Hi everyone, I am working on order data. In my data as below, each row represents a package for an order, and each order has at least one package. When shipped=1, it means that the package was shipped. paid=1 means that the package was paid. I need to identify 1st payment for 1st shipment of an order.
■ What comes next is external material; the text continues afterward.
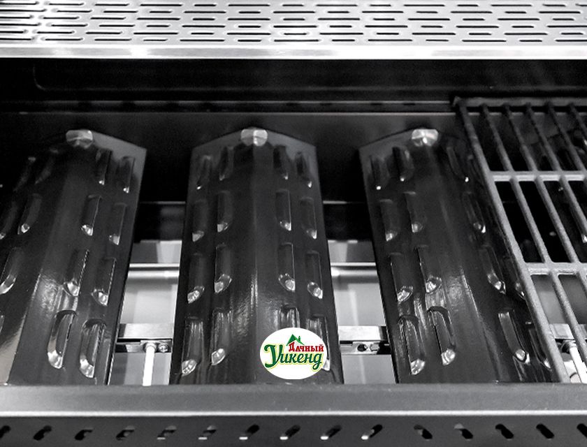 У газового гриля VILLA 400 Silver на борту 4 основные горелки, оснащенные V-образными рассекателями пламени. Рассекатели обеспечивают равномерное слоистое нагревание, а капающие на них капли маринада или сока испаряются под воздействием высокой температуры и поднимаются вверх, делая вкус ваших блюд более интенсивным.
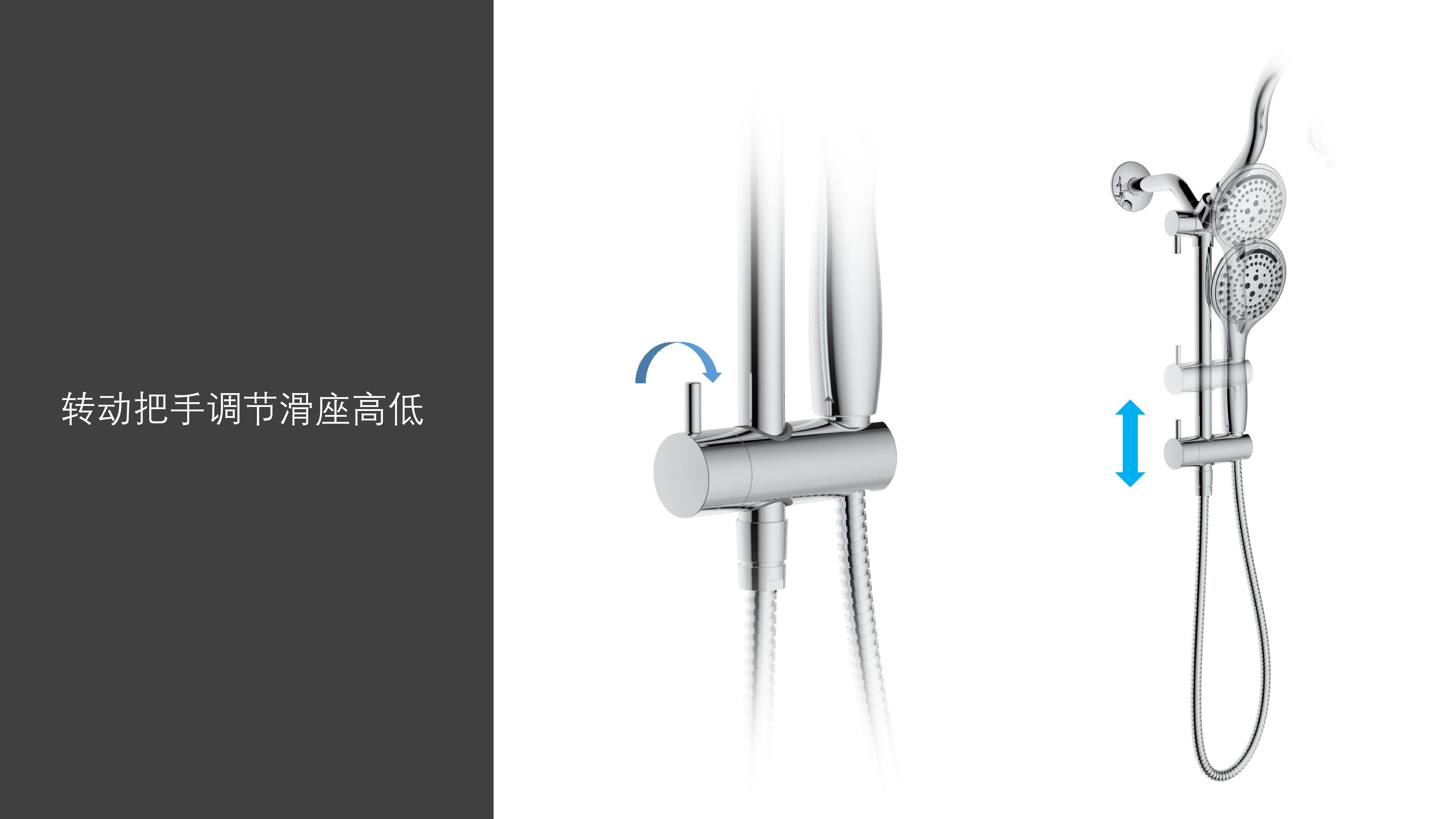 上出水彎管套裝;頂噴內(nèi)置球頭,可實現(xiàn)多角度旋轉(zhuǎn)調(diào)整;把手切換頂噴出水、花灑出水;轉(zhuǎn)動把手調(diào)節(jié)滑座高低

Some special examples are highlighted in my data. For example, for order #2, the 5th package (pack_num=5) counts; for #4, the 3rd package (pack_num=3) counts, and for #7, the 2nd visit (pack_num=3) counts, and for 17, the 3rd package counts.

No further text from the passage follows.